Don’t discount a horse because he’s the wrong breed either. That Haflinger might be a perfect trade-up from your Holsteiner, the Thoroughbred from your Quarter Horse, the Friesian from your Belgian Warmblood. Or vice versa.
Jimmy Wofford says, “If I had to pick one thing that I had to hang my hat on, I would want the horse that I was going to buy to have a face that I would enjoy seeing poked over the stall webbing every morning waiting for breakfast.” Now, it’s important to realize that Jimmy is speaking in the first person. He’s not telling us that a horse’s face is the most important criteria when buying a horse, he’s telling us it matters to him. I suspect a lot of that has to do with is the fact that Jimmy, and every top eventer, wants a horse with “the look of eagles.”
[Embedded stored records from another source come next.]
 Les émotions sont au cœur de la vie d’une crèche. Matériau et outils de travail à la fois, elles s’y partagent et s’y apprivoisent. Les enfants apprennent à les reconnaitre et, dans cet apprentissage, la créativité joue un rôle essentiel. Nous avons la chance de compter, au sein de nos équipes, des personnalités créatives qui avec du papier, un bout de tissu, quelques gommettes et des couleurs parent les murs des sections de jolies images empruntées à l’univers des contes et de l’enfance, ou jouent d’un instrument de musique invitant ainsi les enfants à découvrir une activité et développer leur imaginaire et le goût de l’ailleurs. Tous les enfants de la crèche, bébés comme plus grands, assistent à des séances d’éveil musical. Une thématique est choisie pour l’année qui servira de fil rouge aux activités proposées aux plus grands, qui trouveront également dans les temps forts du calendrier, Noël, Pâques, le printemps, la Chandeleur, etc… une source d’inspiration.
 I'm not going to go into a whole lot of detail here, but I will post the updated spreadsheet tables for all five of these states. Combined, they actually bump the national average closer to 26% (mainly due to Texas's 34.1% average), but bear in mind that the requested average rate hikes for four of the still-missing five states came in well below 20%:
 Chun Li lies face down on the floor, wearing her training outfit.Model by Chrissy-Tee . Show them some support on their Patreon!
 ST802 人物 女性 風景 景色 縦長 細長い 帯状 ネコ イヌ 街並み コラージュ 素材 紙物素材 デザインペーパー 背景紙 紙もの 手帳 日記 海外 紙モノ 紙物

It’s not important to everyone (in fact, most lower level riders need a horse with the look of eagles like they need a leaking roof). While I normally defer to anything Jimmy has to say, I think he’s missed the point here, even for eventers. I think you’ll be really happy to see the face of the horse that’s your best ride ever, no matter what that face looks like, when you go out to feed in the morning.
Sure, you want a horse that appeals to you. But what’s more appealing than performance? Why did Rita Hayworth fall in love with Orson Welles?
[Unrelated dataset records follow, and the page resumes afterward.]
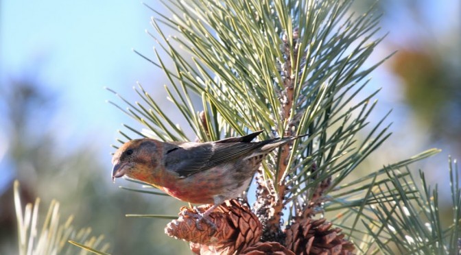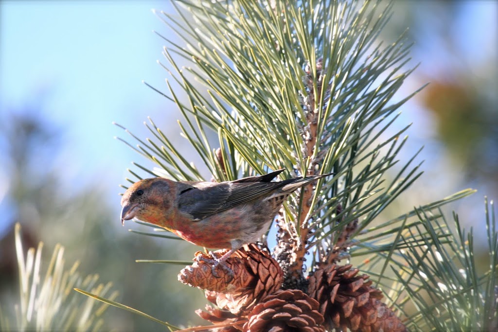 Crossbills are the only family of birds that have crossed mandibles; what might look like a deformity is, in fact, an adaptation for the bird’s feeding habits. Crossbills insert their closed bill into the side of a pine cone and then open it, tearing out the scale and exposing the seed within, which is then scooped out by their odd-shaped tongue. Aside from the quiet trilling, it was the sound of pine cones being torn open that gave away the Crossbills’ presence and allowed us to spot them in the shadowed pine trees.
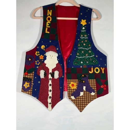 VTG Handmade Womens Christmas Vest Santa Snowman Tree Appliques Holiday Fun Sz L
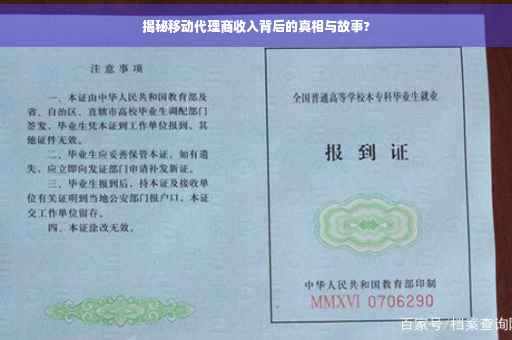 随着移动互联网的飞速进步,移动代理商这一新兴职业群体逐渐崭露头角,他们作为连接运营商与消费者之间的桥梁,通过提供移动通信服务,推动了行业的快速发展,对于许多人来说,移动代理商的收入情况是一个热门话题,他们的收入证明背后究竟隐藏着怎样的故事与真相呢?
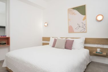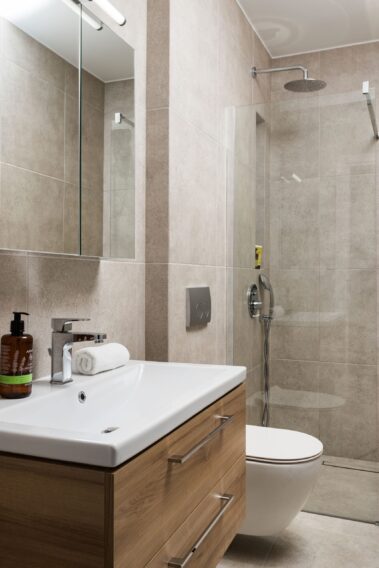 At the nearby second building, on the ground floor two more en-suite bedrooms are located which have their own privacy.

If you want a pasture potato, definitely put looks at the top of your list. If you want to ride, put them on the bottom.
While you’re horse shopping, make sure you look at the whole horse, in motion, before you discount any horse because of its looks. You say you can’t stand a dished face or a Roman nose or a grey or an eye with sclera showing? What if one of those attributes belonged to the sweetest, soundest, most well-trained and talented horse you’d ever met and whom you were lucky enough to own? Bet you’d feel differently.
I’ve seen people buy horses whose looks they fell in love with, and who ended up detesting the horse that was perennially unsound, bad tempered or difficult to train. It’s amazing how quickly physical attractiveness wears out its welcome when everything else that matters is missing. It’s as true of horses as it is of prom queens.
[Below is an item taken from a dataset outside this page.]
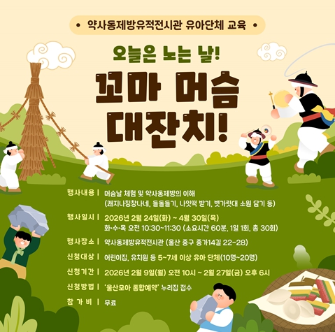 [뉴스노크=김인호 기자] 울산 약사동제방유적전시관이 관내 어린이집과 유치원 원아(5세~7세)를 대상으로 머슴날(음력 2월 1일)과 관련한 교육 프로그램 ‘오늘은 노는 날! 꼬마 머슴 대잔치!’를 운영한다.
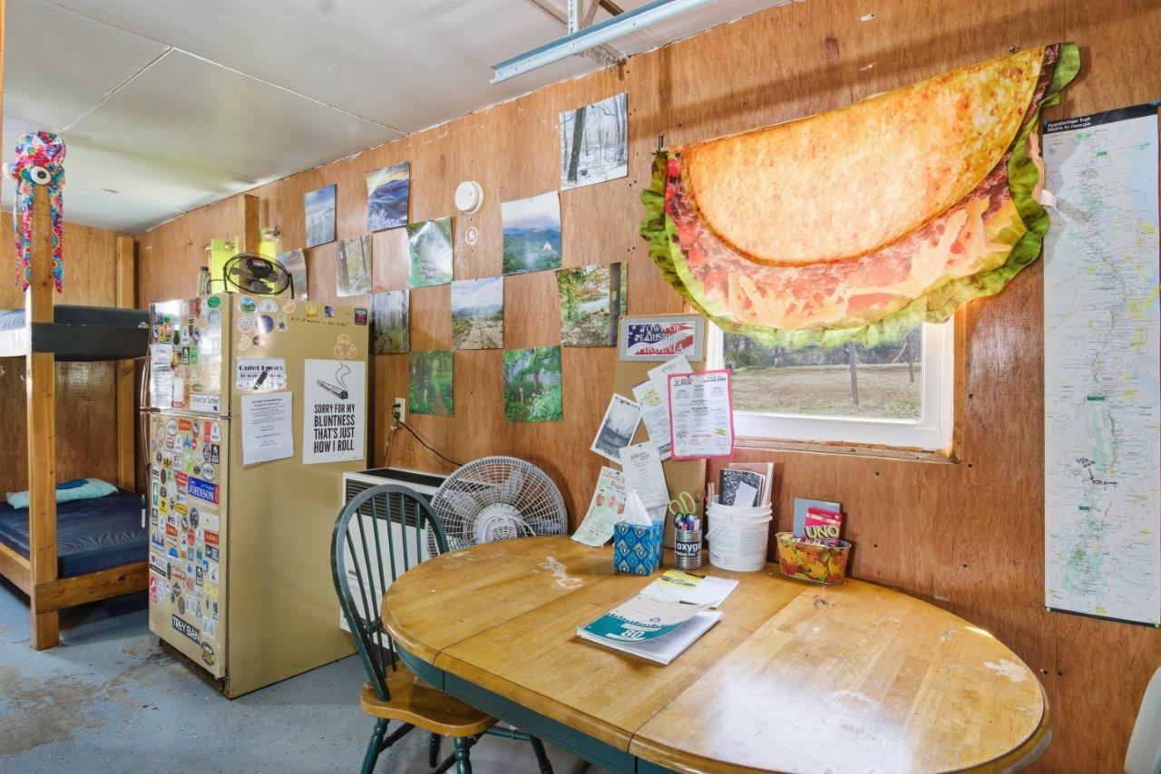 The Rest (Mobile Home – 952 SF) – 2 rooms for rent. 1 with private bath = $80/night ($10 for additional person). 1 room must use bathhouse = $65/night ($10 for additional person). In the off season the entire mobile home rents for $175/night. Year built = 1970 (pg 31 of appraisal). Town Water and Sewer (Connected to sewer in 2021). Also serves as common area for all hikers until 8 PM. Large kitchen for individual hiker and communal meals. Large living room comes with full DVD library, books, musical instruments, RoKu ready TV, board games, etc.

Kathy Kusner might have been able to turn the dirty stopper Aberali around, but Nelson Pessoa and the Italian Olympic Team were only too happy to get rid of him, despite his good looks and athletic ability.
The horse that is my soul mate has grease spots. That’s what my vet calls them. I’ve never seen them on another horse. He’s a chestnut, and it looks as if he spends his life working under cars in a garage without the benefit of Fels Naptha.
I can take or leave the grease spots, but I have to admit that there are a few things I really don’t care for in a horse, which I also admit have nothing to do with quality. I don’t like a blue eye and I don’t like a bald face. But I wouldn’t hesitate to look at a horse with those attributes if there were other things I did like, and I’d never cross a horse off my list after looking at a picture and seeing a bald face.
They say “no hoof, no horse,” but even that truism has exceptions. The best mover I ever owned had some of the world’s most terrible feet. If I had discounted him for his feet, I never would have seen him move, and I never would have known how talented he was.
Remember that it’s the horse who performs well for you, who has character, who is sound, who is generous of heart and who has a good mind, that you want. And those horses come in every shape, size, sex and color. Sometimes, they even have a blue eye, a bald face or bad feet.